2017-01-29

有栖川有栖「狩人の悪夢」


「まだ駆け出しに近いミステリ作家」有栖川有栖(34)は、対談をした売れっ子ホラー作家の自宅に招かれる。聞けば、そこで寝ると必ず悪夢を見るという部屋があるというのだが・・・・・・。


作家アリスものの新作はきびきびとしたフーダニットであります。
犯人はこともあろうに弓矢の矢を使って殺人を犯し、その上で被害者の体の一部を切断して持ち去った。有力な容疑者が浮かび上がるものの、その足取りには不可解な点が。そして更なる意外な展開も、という風にいかにもミステリ的な趣向が盛られていて、目がくらまされる。そのせいか、容疑者たちのアリバイが検討されるのはなんと物語の3分の2ほどを過ぎてからである。

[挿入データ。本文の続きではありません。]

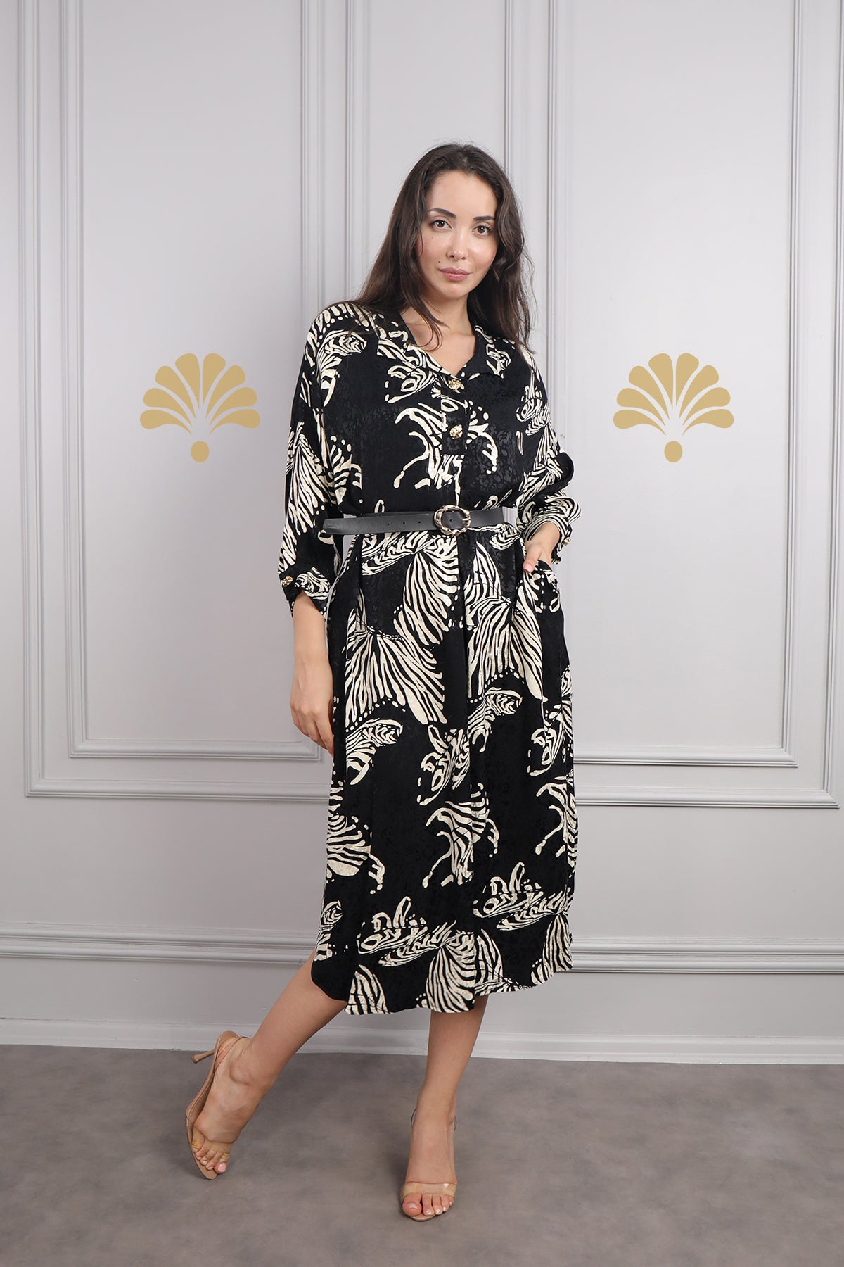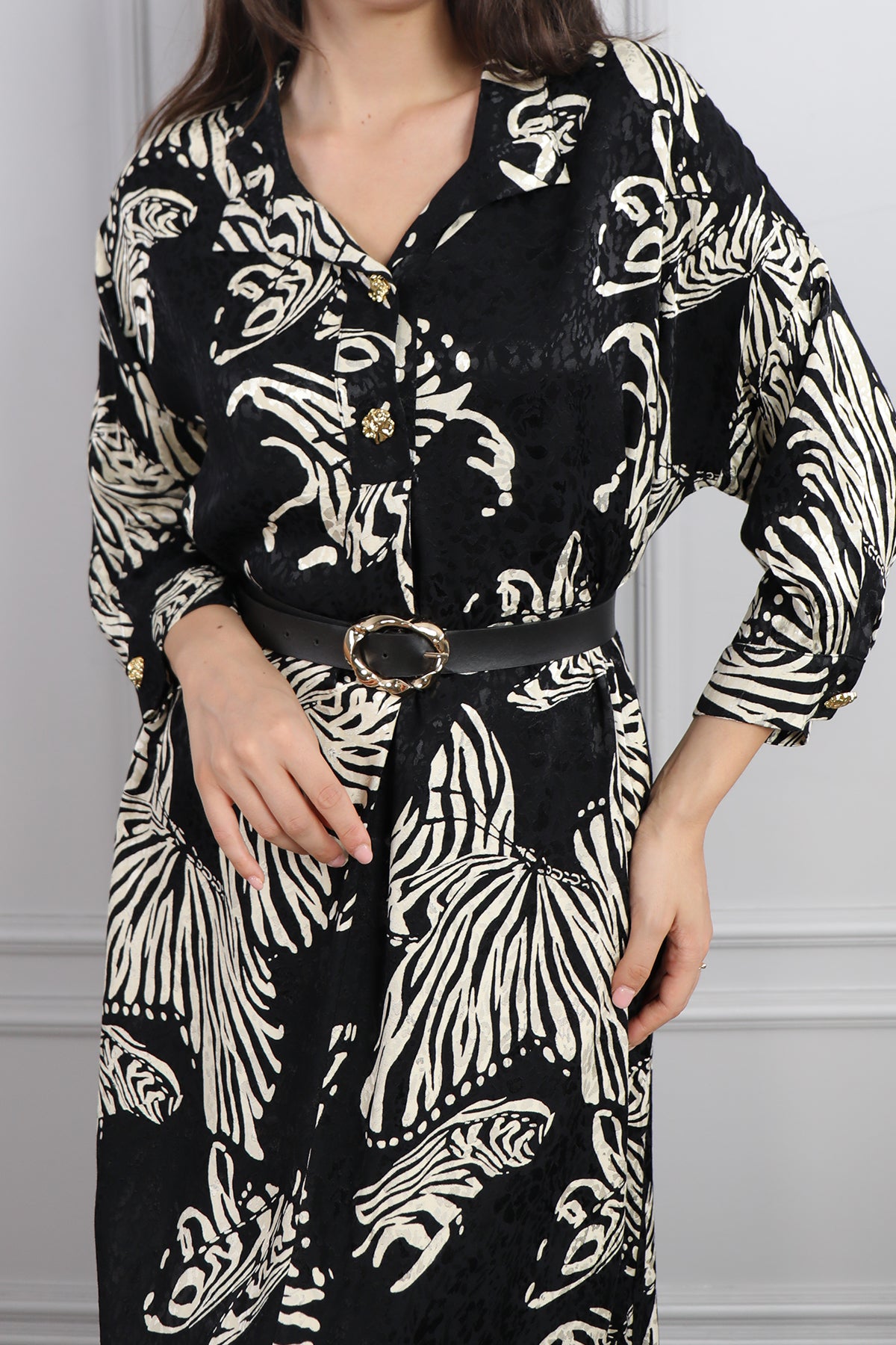 Önü Düğmeli Beli Kemerli Desenli Büyük Beden Elbise Siyah

「凶器の弓矢。切られた右手首と左手首。血染めの手形。落雷で倒れて道をふさいだ大木。空き家の地下収納庫で見つかった死体。大音量のベートーヴェン。渡瀬信也の過去。沖田依子が捜していた何か」
材料は多いがそれらがどう組みあげられるのか。
終盤に至ってようやく重要な証拠品の数々が発見されるが、それらにも奇妙なところがあって、一向に全体像が見えてこない。

解決は実に予想外なタイミングでやってくる。このあたりの呼吸はいつもながら巧い。弛緩と緊張というか。
全てのピースが収まるべきところに収まる、その筋道も実にねちっこく、かつ意外な手掛かりが楽しい。中でも切断された手首を巡るくだりはまさにクイーン流で、『エジプト十字架の謎』中盤の推理を髣髴させます。

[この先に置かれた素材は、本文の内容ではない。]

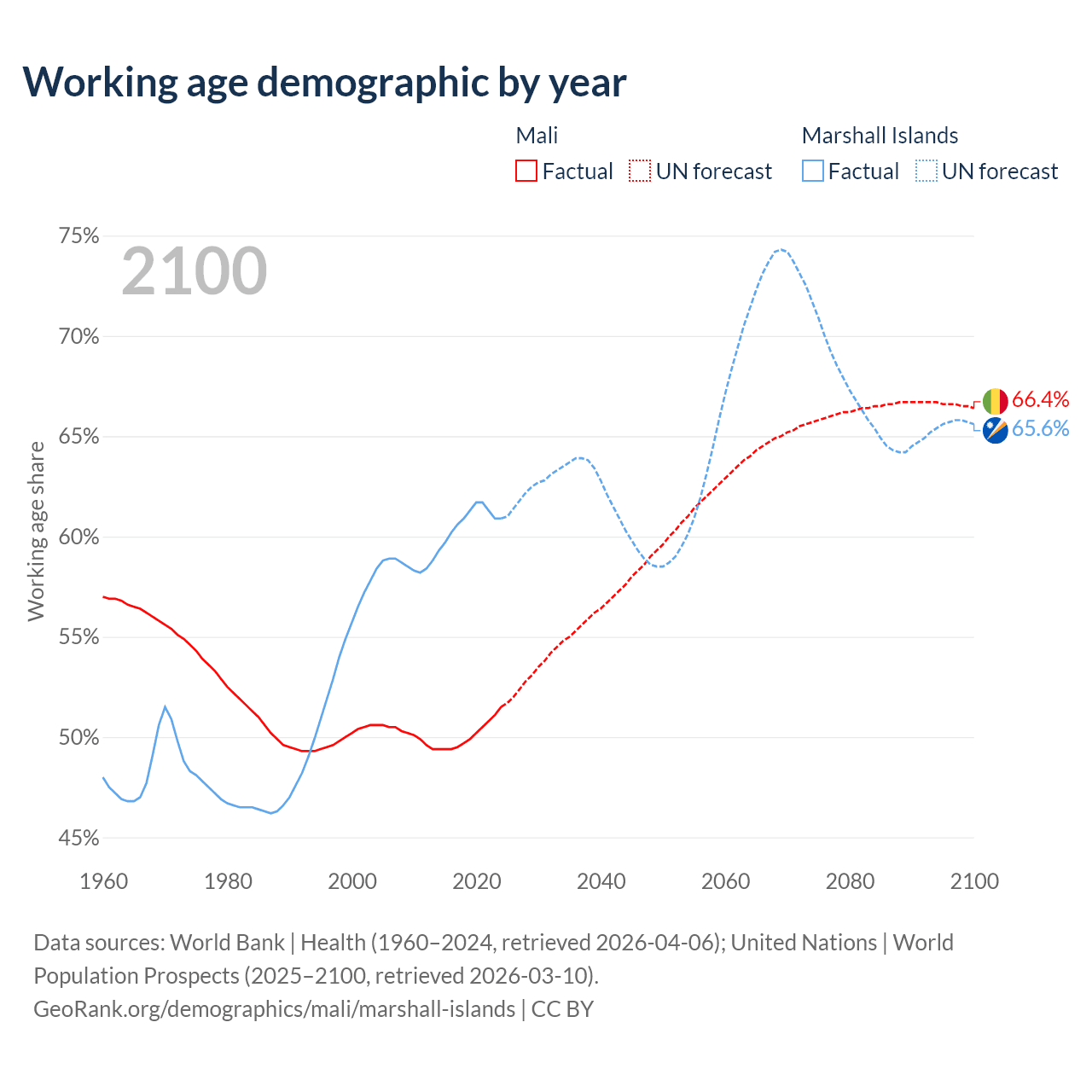 - Mali has 13.5M working age adults (aged 15-64) vs 21.3K in the Marshall Islands.

弛みなく構成され、力のこもったパズル・ストーリーでした。満足です。

2017-01-28

アルフレッド・ベスター「破壊された男」


1953年発表になる、ベスターの長編第一作。

時は24世紀、テレパシー能力のあるエスパーが社会のなかで重用されるようになっていた。そして、意識を監視することが可能になったことから、多くの犯罪が未然に阻止され、謀殺にいたってはもう79年間も成功していなかった。
そんな世界で、巨大企業の社長、ベン・ライクはライバル会社の社長の殺害を決意する。

このベン・ライクというのは非エスパーであるが野心家で気が荒く、なおかつ策士とあって、凄く魅力的なアンチ・ヒーローです。彼は自分の権力を存分に利用しながらエスパーたちの目を掻い潜り、完全犯罪を目指します。
一方で警察側の中心人物となるのが、リンカーン・パウエルという一級エスパー。エスパーにも階級があって、三級では単に口に言葉を出さずに会話をできるレベルですが、一級ともなると他人の意識の奥底、本人の気づいていないところまで読み取ることができる。パウエルはそういった能力を持つごく一部のエリートの一人。もちろん有能な警官でありますが、テンションの高いベン・ライクとは対照的にどこか飄々としてユーモアを解すところがいい。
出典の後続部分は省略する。